Program: Fruit Grower Report
Date: April 25, 2005

It is not very often that a fruit or vegetable commodity group comes out in a public manner in support of a trade deal like the way the U.S. Apple Association is fully backing the Central American Free Trade Agreement and the companion agreement between the U.S. and the Dominican Republic. But U.S. Apples is so behind the deal that it had a representative speak at a recent pro  C.A.F.T.A.-D.R. rally in Washington D.C.

GLAZE: The coalition in support of C.A.F.T.A. is going to, of course, ask all of its members and get to the grass roots level to inform your Congressman and your Senators how important this is to us. And to be quite honest, if we all do that, then we will prevail. But if we think our neighbor is going to do it, and we dont have to, then we are going to fall behind in this effort

Phil Glaze is a trustee on U.S. Apples governing board. And he says its easy for him as an apple grower to get behind a deal that reduces tariffs into Central American nations to zero over time.

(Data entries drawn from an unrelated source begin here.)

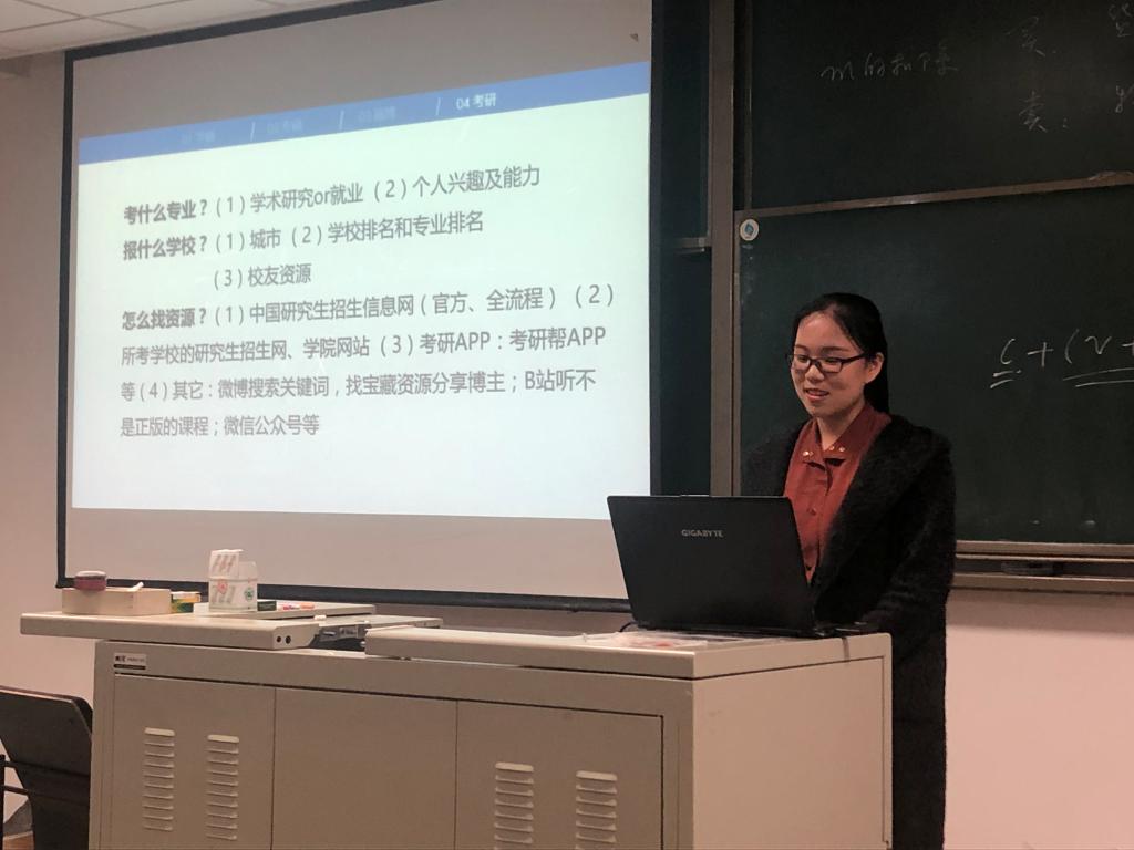 首先,来自15级的刘庭汐学姐与张博凡学长先后向同学们进行了学硕与专硕的相关分享。两位同学的分享都是从自己选择学硕或专硕的原因谈起,随后,刘庭汐学姐谈及了自己面试学硕的经历及其大致内容,总结了三点影响保研学硕的重要因素,并在最后给出了两点建议。而张博凡学长则较为详细地介绍了流程与时间节点,并以身边同学险些错失保研机会的教训,强调了几点事项。在介绍竞争情况与对策后,进行了三点总结。
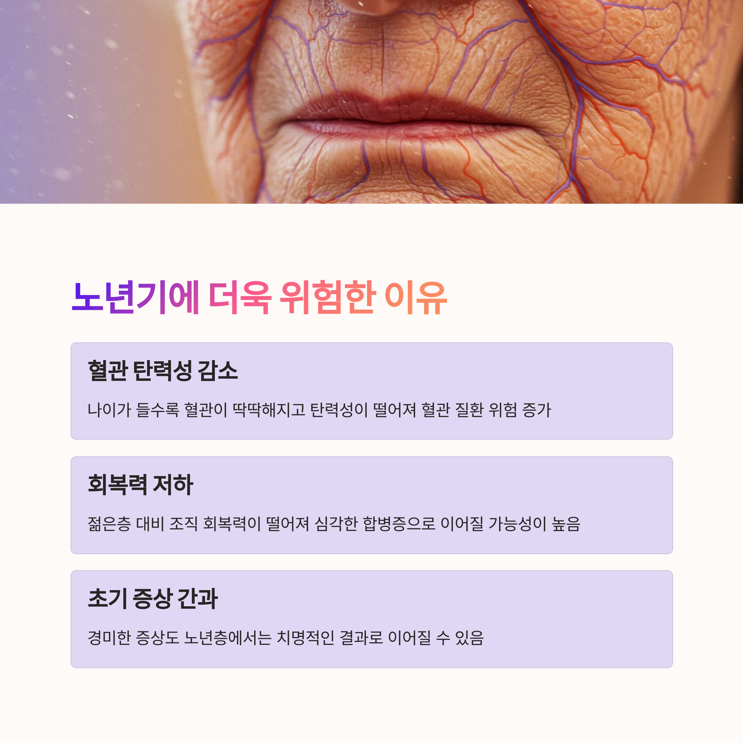 | 노년기 건강 리스크 | 합병증 발생 위험이 높아 미리 예방이 중요합니다 |
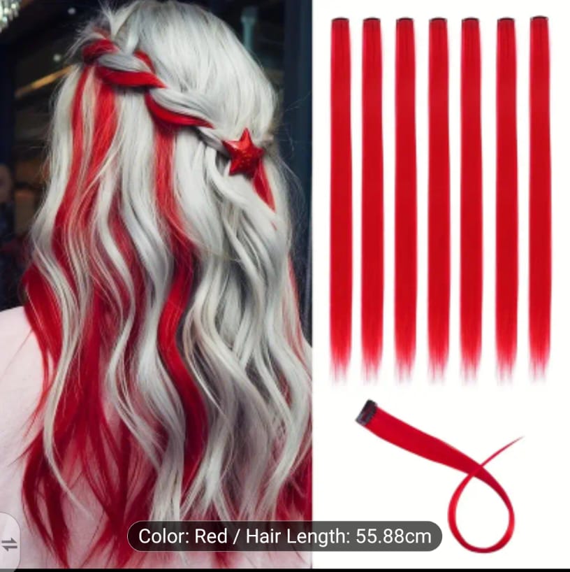 55.88cm / Red 1pcs Colorful Clip-In Synthetic Hair Extensions, 55.88 cm 55, 77 Long Straight Hair, Halloween Party Christmas New Year Gift and Daily Wear, Suitable for Women and Girls, Bright Colors, Easy to Wear.
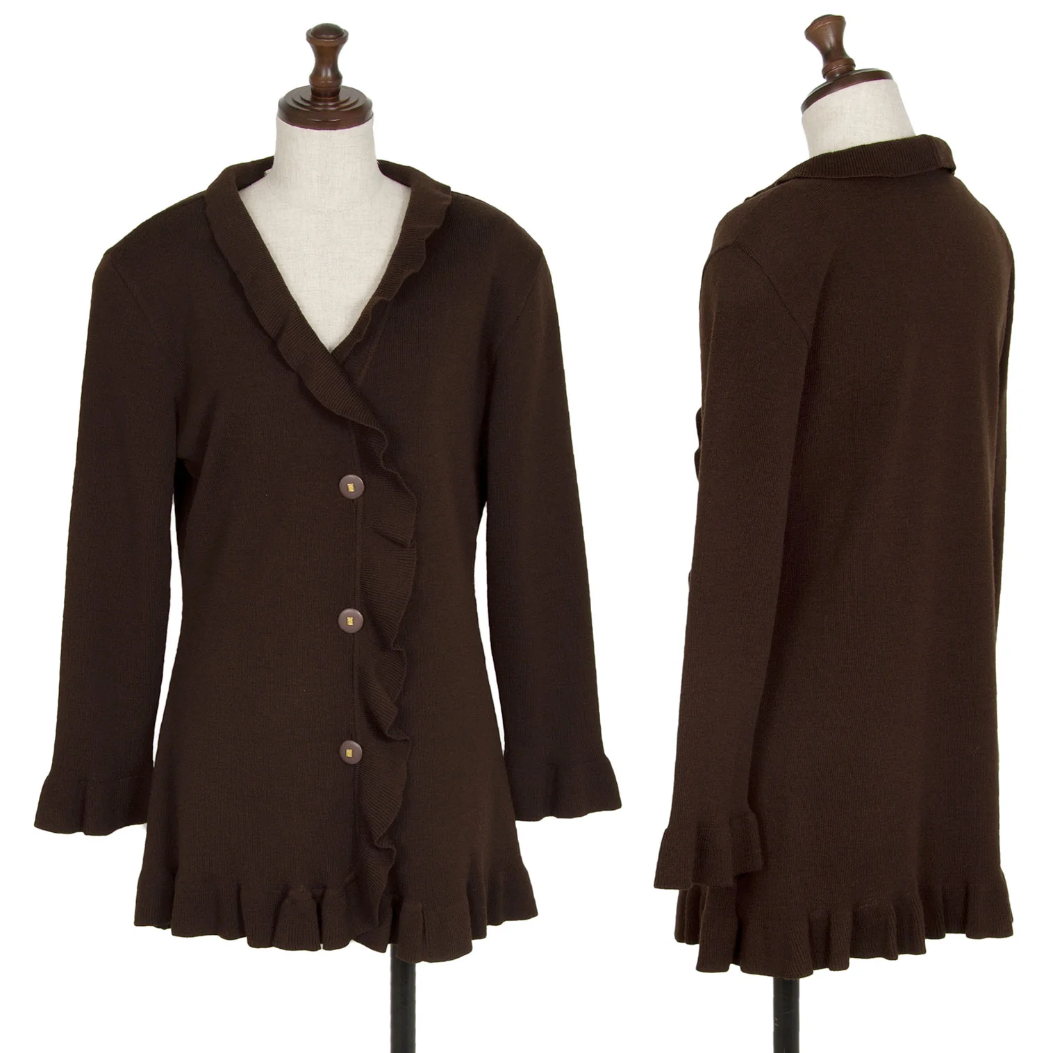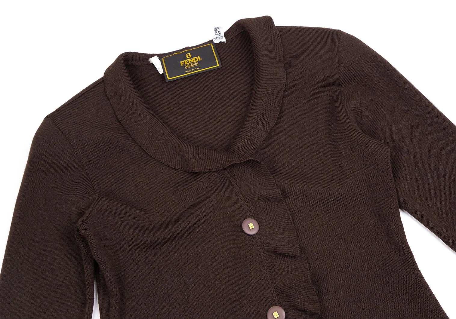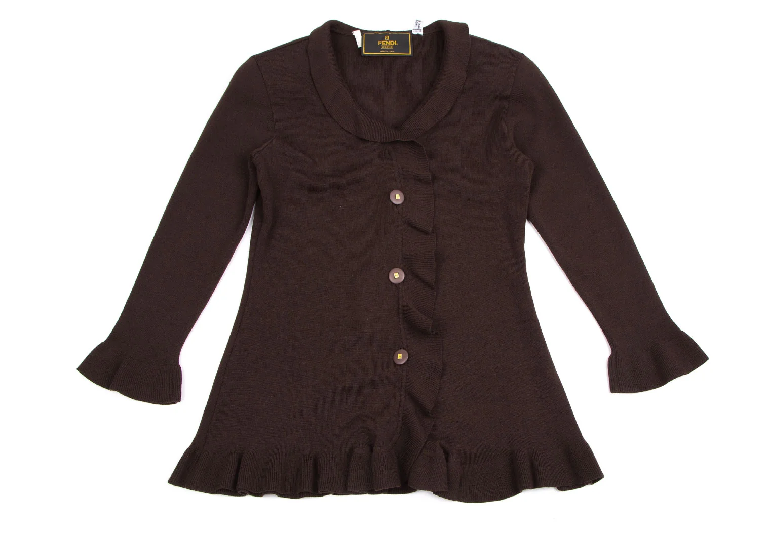 フェンディFENDI フリルニットカーディガン 焦げ茶44
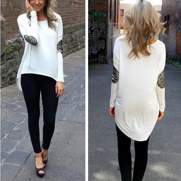 - Asimetrična casual majica sa zakrpama od šljokica
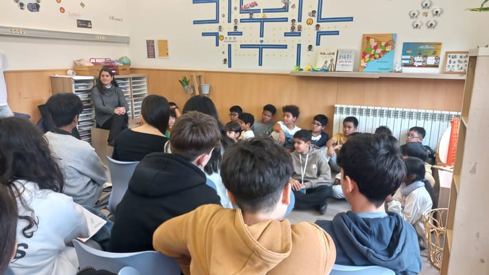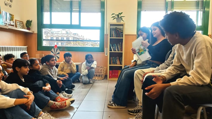 Avui hem rebut la visita dels i les alumnes de l'Institut Jaume Balmes i ens han explicat una sèrie de contes en anglès. Mireu que atents i atentes estaven...
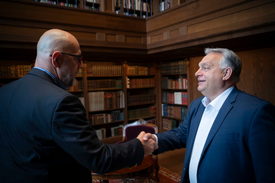 Orbán Viktor miniszterelnök (j) fogadja Kelemen Hunort, a Romániai Magyar Demokrata Szövetség (RMDSZ) elnökét (b) a Karmelita kolostorban 2025. május 19-én
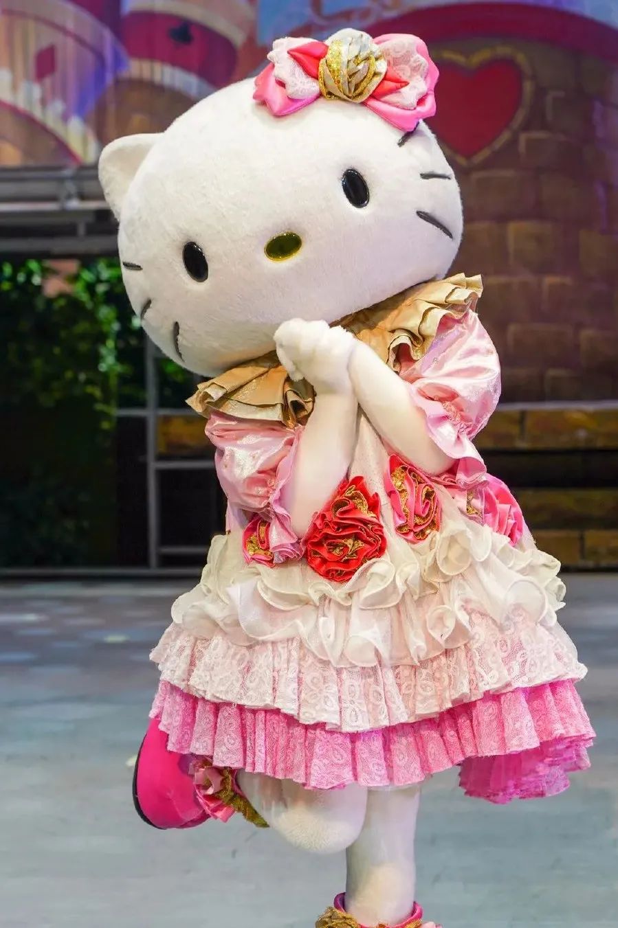 杭州乐园里的Hello Kitty保持了一贯的“公主风”,Lolita洋装傍身,粉红奶油色系,同样的花车巡游,同样的和粉丝合影,也拯救不了它的“花瓶味”。
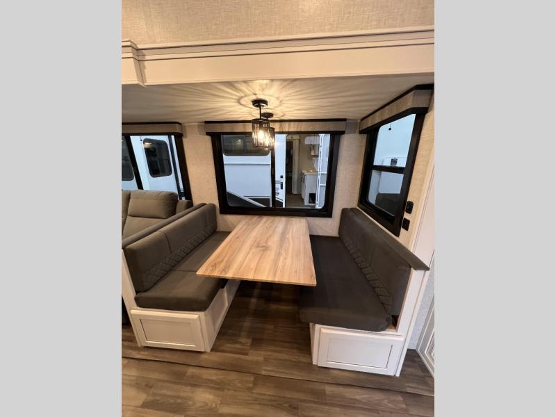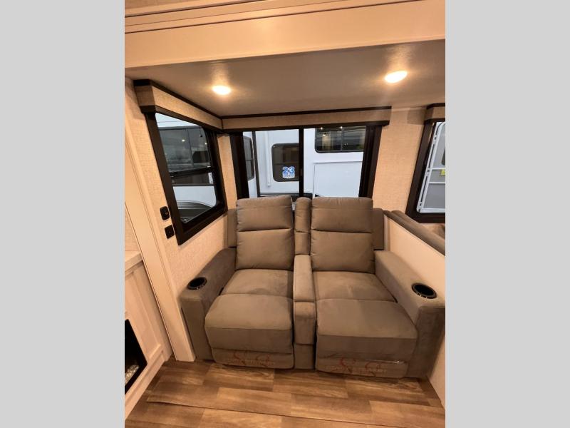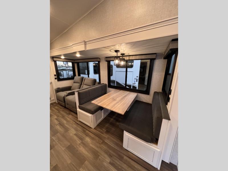 The Jayco Eagle HT Fifth Wheel is an excellent introduction to fifth wheel RVing without the full commitment. Because it can be towed by a half-ton truck, there’s no need to invest in a large tow vehicle with a powerful engine and high towing capacity. You’ll likely be able to tow it with what you already have in the garage, and at a lower price point, lower weight and smaller size, the Eagle HT Fifth Wheel is the perfect option for someone dipping their toe into fifth wheel ownership. In addition to being easy to tow, the Eagle HT Fifth Wheel allows you to tow up to 3,000 lbs., so you can bring your toys along for the ride. Chain hookup and break harness hookups are already set up for your convenience.

GLAZE: At the moment, U.S. apples experience any where from a twelve to a twenty five per cent tariff on apples shipped into that region. And it would be an excellent export market for Northwest apples.

For Glaze, that is especially true when our apples are on a level playing field with competitors like Chile in Central America. Two years ago, Chile negotiated and received duty free access for apples coming into Central America. At the time, market access for U.S. and Chilean apples were even. But Glaze says after the Chilean deal, market access of their apples increased twenty per cent.